An exact retyping of all lines below is the answer; pictures do not belong in it.

========================

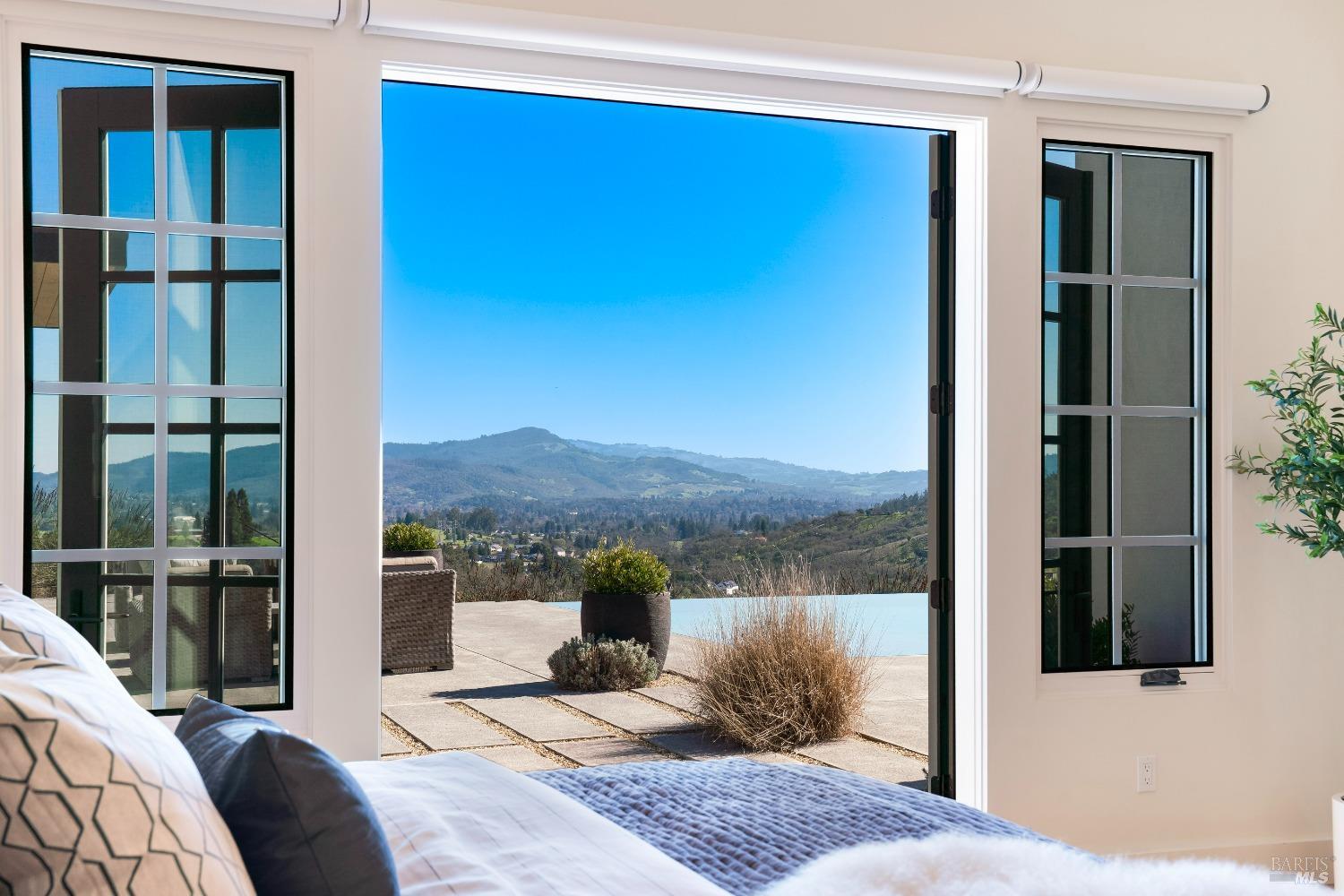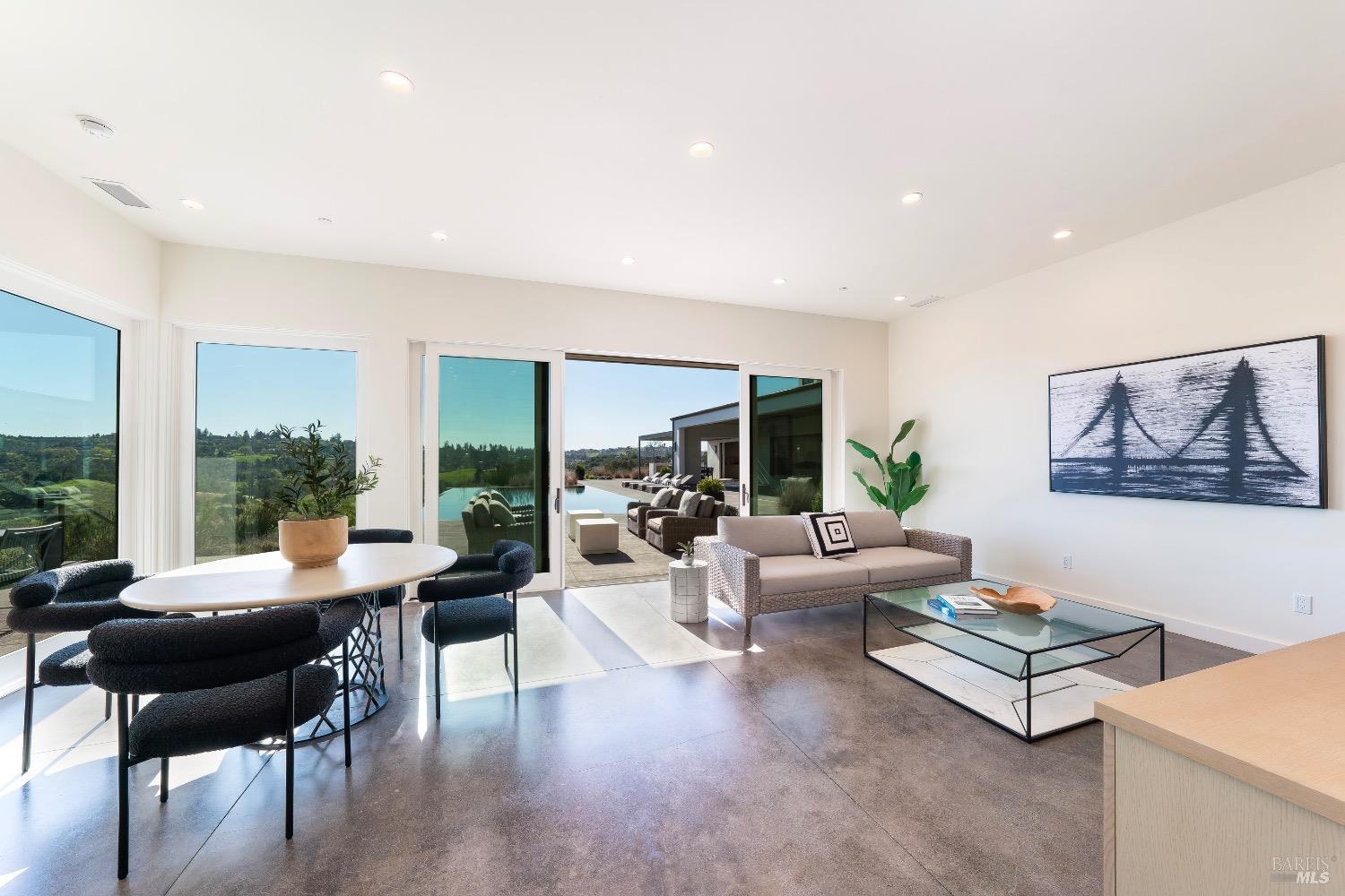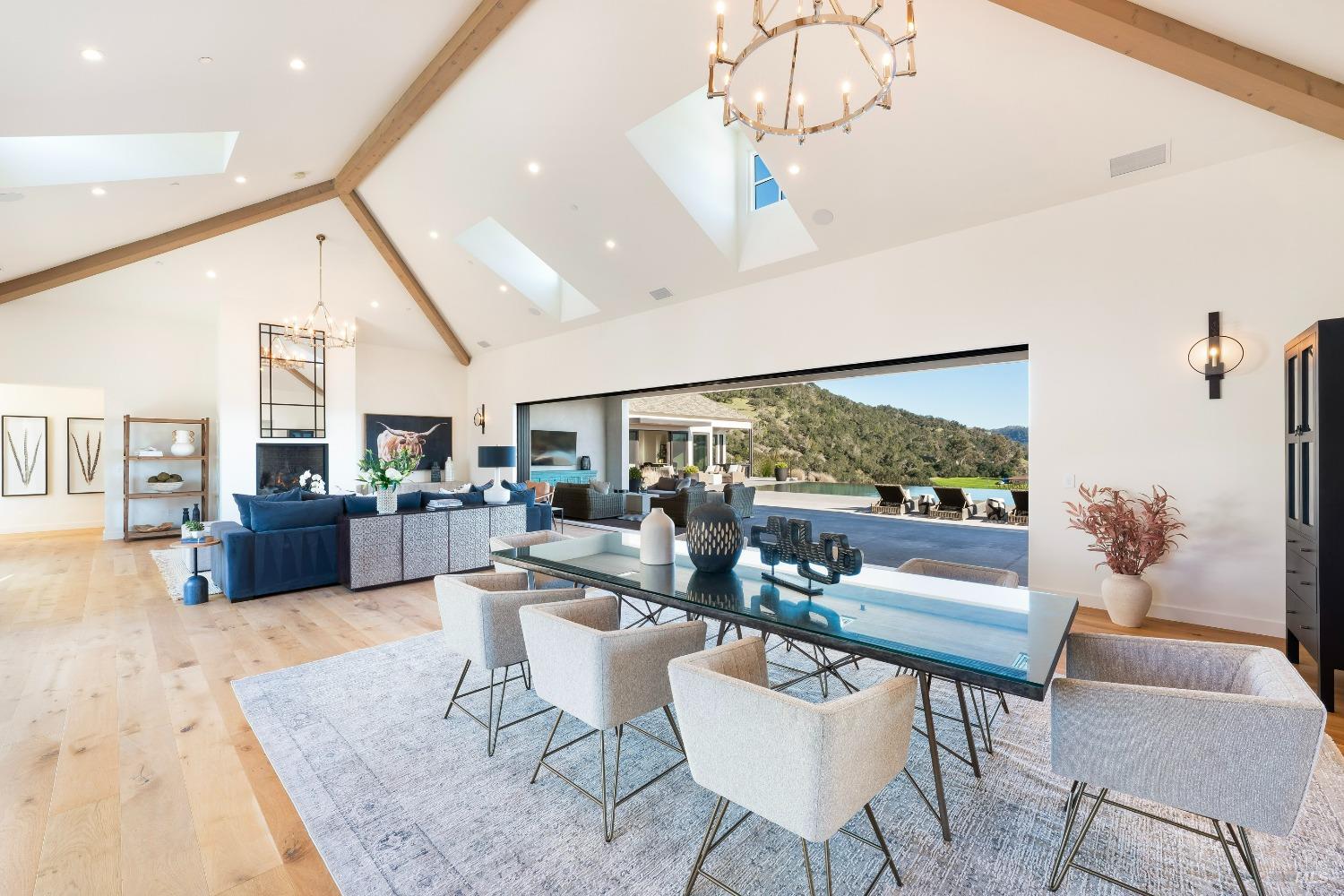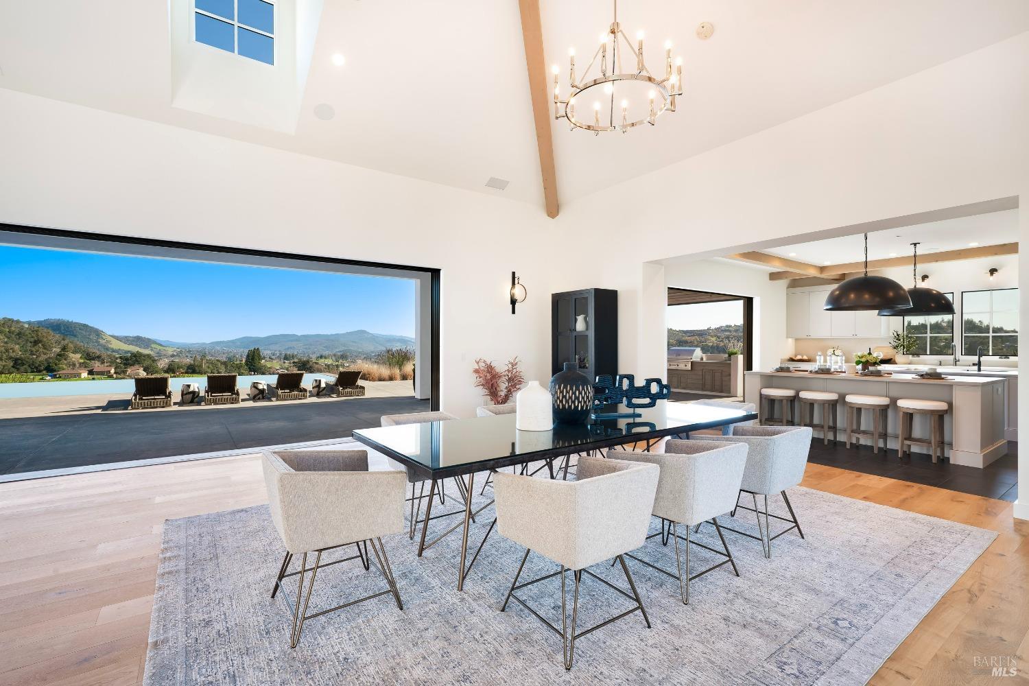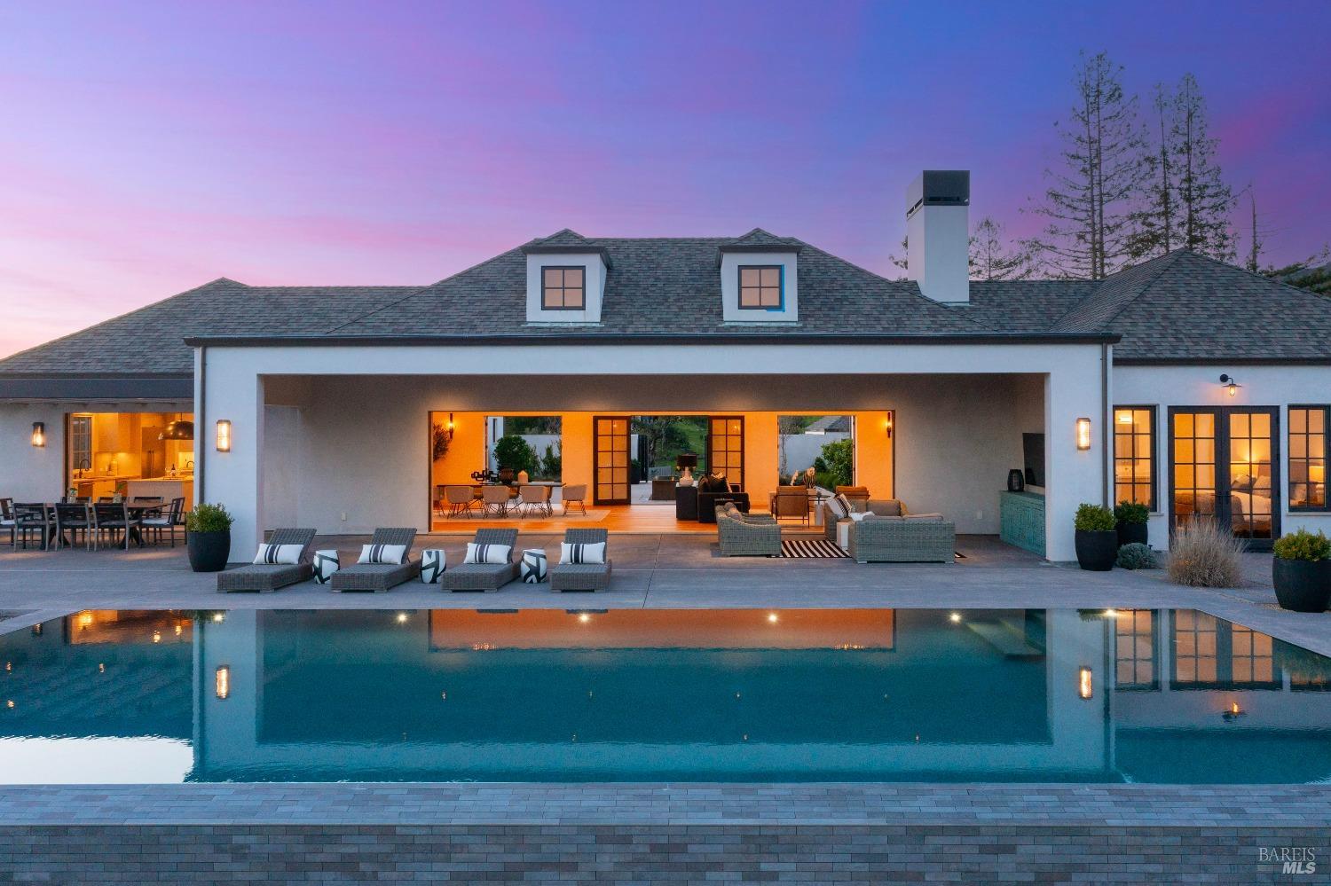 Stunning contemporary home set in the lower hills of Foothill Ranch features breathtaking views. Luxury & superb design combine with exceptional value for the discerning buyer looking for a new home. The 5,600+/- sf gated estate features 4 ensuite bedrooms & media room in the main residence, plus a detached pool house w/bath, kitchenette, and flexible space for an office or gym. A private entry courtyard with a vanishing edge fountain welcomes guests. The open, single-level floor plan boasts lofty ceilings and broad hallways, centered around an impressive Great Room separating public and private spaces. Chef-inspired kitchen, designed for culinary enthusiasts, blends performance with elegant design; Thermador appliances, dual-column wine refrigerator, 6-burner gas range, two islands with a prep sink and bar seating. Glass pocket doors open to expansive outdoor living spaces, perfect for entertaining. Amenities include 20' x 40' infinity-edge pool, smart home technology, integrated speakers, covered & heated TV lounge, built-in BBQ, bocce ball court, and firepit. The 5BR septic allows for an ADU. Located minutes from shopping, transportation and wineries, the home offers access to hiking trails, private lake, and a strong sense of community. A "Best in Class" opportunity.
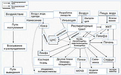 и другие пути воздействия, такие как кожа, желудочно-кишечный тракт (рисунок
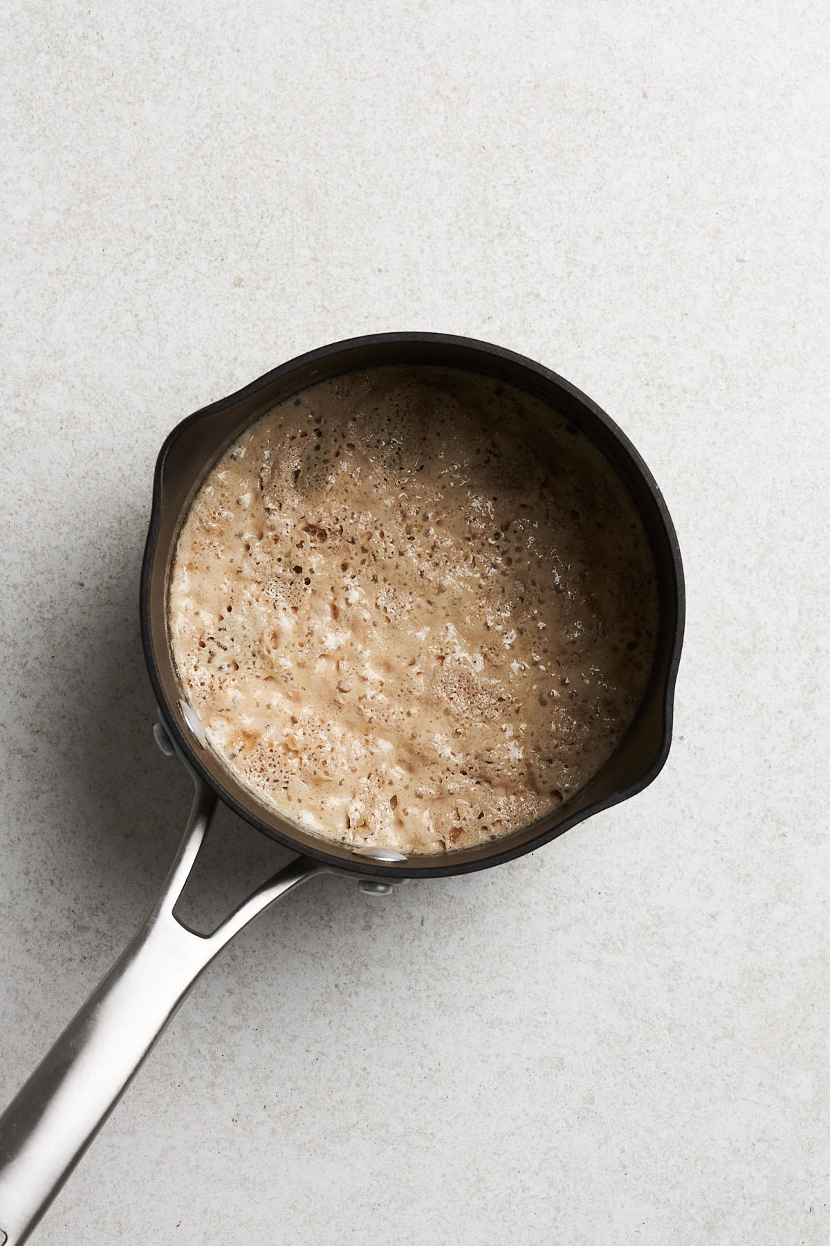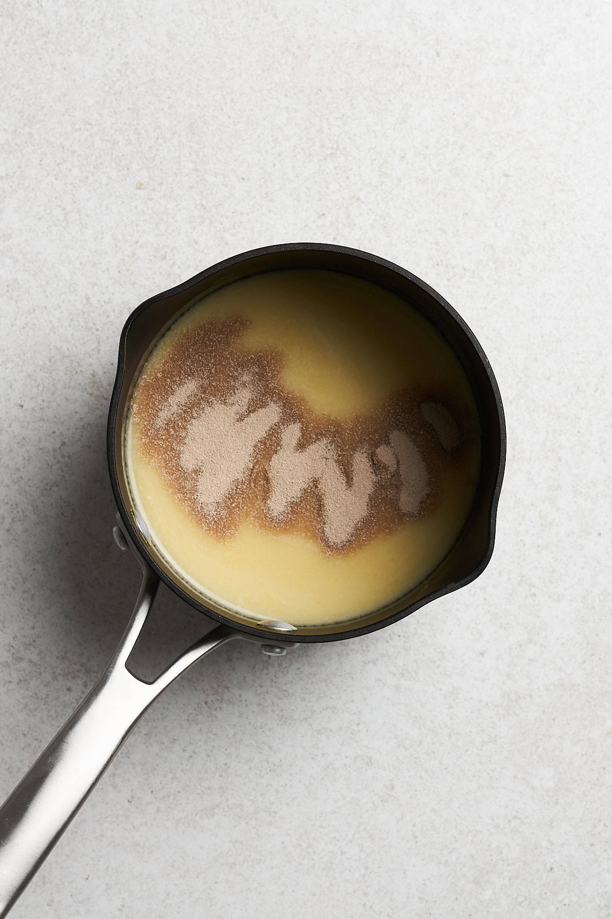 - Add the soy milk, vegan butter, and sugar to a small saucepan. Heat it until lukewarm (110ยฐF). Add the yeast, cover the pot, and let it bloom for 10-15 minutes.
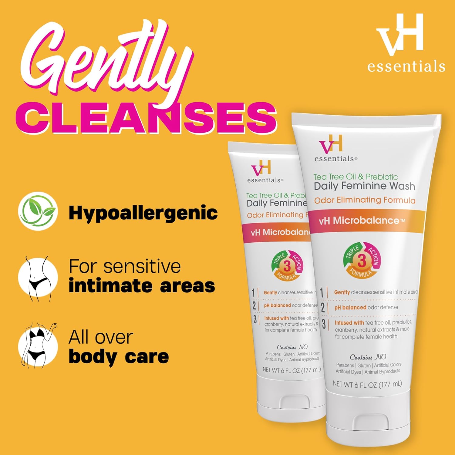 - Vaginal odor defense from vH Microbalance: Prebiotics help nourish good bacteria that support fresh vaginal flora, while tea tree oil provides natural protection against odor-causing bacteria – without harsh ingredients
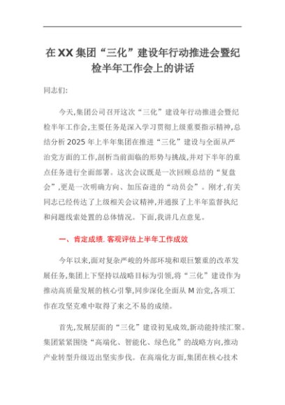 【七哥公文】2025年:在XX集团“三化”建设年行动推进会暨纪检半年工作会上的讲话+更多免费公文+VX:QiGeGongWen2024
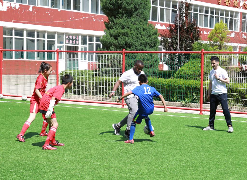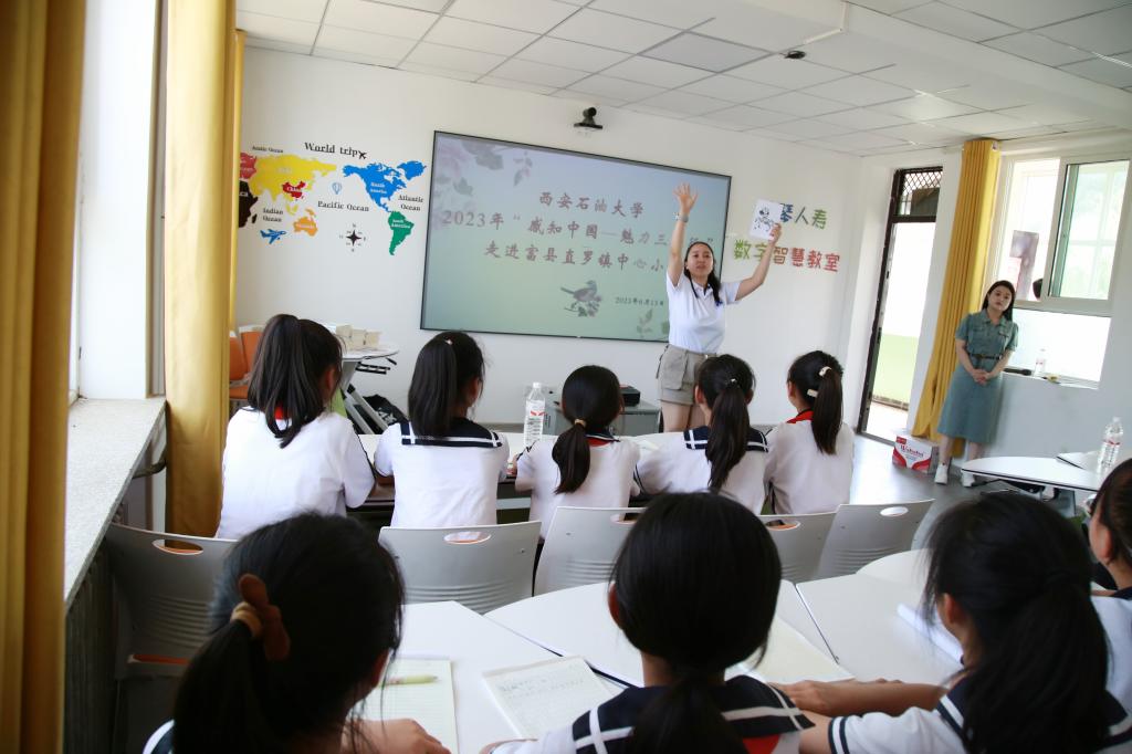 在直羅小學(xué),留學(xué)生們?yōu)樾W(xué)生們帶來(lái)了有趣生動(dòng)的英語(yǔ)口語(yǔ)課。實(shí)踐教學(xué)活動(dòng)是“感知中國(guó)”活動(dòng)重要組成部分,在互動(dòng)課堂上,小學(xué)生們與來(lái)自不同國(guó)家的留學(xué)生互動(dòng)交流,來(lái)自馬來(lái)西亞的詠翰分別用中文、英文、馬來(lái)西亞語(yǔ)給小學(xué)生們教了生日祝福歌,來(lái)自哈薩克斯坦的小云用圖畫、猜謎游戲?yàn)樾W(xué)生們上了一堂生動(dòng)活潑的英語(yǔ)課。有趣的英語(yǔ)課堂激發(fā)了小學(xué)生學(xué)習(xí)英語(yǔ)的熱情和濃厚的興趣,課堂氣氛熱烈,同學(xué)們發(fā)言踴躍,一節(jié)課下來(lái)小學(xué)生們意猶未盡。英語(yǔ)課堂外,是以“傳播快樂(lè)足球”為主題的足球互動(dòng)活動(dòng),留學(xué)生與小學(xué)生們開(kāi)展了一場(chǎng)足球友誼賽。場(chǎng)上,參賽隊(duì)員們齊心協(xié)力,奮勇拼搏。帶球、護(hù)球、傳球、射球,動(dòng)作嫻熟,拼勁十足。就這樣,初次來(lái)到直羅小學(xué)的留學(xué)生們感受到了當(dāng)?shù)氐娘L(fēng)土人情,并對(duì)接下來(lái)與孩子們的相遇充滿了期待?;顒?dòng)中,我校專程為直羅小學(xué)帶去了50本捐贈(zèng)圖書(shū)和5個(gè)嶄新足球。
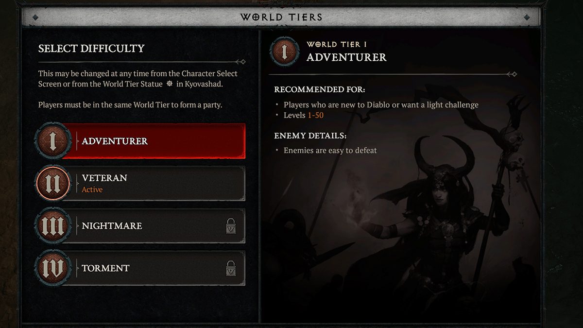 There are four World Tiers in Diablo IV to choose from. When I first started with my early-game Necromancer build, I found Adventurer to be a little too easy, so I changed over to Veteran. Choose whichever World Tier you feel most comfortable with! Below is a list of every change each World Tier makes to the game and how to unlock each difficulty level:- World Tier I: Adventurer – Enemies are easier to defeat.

========================

**Output for this task:**
 Stunning contemporary home set in the lower hills of Foothill Ranch features breathtaking views. Luxury & superb design combine with exceptional value for the discerning buyer looking for a new home. The 5,600+/- sf gated estate features 4 ensuite bedrooms & media room in the main residence, plus a detached pool house w/bath, kitchenette, and flexible space for an office or gym. A private entry courtyard with a vanishing edge fountain welcomes guests. The open, single-level floor plan boasts lofty ceilings and broad hallways, centered around an impressive Great Room separating public and private spaces. Chef-inspired kitchen, designed for culinary enthusiasts, blends performance with elegant design; Thermador appliances, dual-column wine refrigerator, 6-burner gas range, two islands with a prep sink and bar seating. Glass pocket doors open to expansive outdoor living spaces, perfect for entertaining. Amenities include 20' x 40' infinity-edge pool, smart home technology, integrated speakers, covered & heated TV lounge, built-in BBQ, bocce ball court, and firepit. The 5BR septic allows for an ADU. Located minutes from shopping, transportation and wineries, the home offers access to hiking trails, private lake, and a strong sense of community. A "Best in Class" opportunity.
 и другие пути воздействия, такие как кожа, желудочно-кишечный тракт (рисунок
 - Add the soy milk, vegan butter, and sugar to a small saucepan. Heat it until lukewarm (110ยฐF). Add the yeast, cover the pot, and let it bloom for 10-15 minutes.
 - Vaginal odor defense from vH Microbalance: Prebiotics help nourish good bacteria that support fresh vaginal flora, while tea tree oil provides natural protection against odor-causing bacteria – without harsh ingredients
 【七哥公文】2025年:在XX集团“三化”建设年行动推进会暨纪检半年工作会上的讲话+更多免费公文+VX:QiGeGongWen2024
 在直羅小學(xué),留學(xué)生們?yōu)樾W(xué)生們帶來(lái)了有趣生動(dòng)的英語(yǔ)口語(yǔ)課。實(shí)踐教學(xué)活動(dòng)是“感知中國(guó)”活動(dòng)重要組成部分,在互動(dòng)課堂上,小學(xué)生們與來(lái)自不同國(guó)家的留學(xué)生互動(dòng)交流,來(lái)自馬來(lái)西亞的詠翰分別用中文、英文、馬來(lái)西亞語(yǔ)給小學(xué)生們教了生日祝福歌,來(lái)自哈薩克斯坦的小云用圖畫、猜謎游戲?yàn)樾W(xué)生們上了一堂生動(dòng)活潑的英語(yǔ)課。有趣的英語(yǔ)課堂激發(fā)了小學(xué)生學(xué)習(xí)英語(yǔ)的熱情和濃厚的興趣,課堂氣氛熱烈,同學(xué)們發(fā)言踴躍,一節(jié)課下來(lái)小學(xué)生們意猶未盡。英語(yǔ)課堂外,是以“傳播快樂(lè)足球”為主題的足球互動(dòng)活動(dòng),留學(xué)生與小學(xué)生們開(kāi)展了一場(chǎng)足球友誼賽。場(chǎng)上,參賽隊(duì)員們齊心協(xié)力,奮勇拼搏。帶球、護(hù)球、傳球、射球,動(dòng)作嫻熟,拼勁十足。就這樣,初次來(lái)到直羅小學(xué)的留學(xué)生們感受到了當(dāng)?shù)氐娘L(fēng)土人情,并對(duì)接下來(lái)與孩子們的相遇充滿了期待?;顒?dòng)中,我校專程為直羅小學(xué)帶去了50本捐贈(zèng)圖書(shū)和5個(gè)嶄新足球。
 There are four World Tiers in Diablo IV to choose from. When I first started with my early-game Necromancer build, I found Adventurer to be a little too easy, so I changed over to Veteran. Choose whichever World Tier you feel most comfortable with! Below is a list of every change each World Tier makes to the game and how to unlock each difficulty level:- World Tier I: Adventurer – Enemies are easier to defeat.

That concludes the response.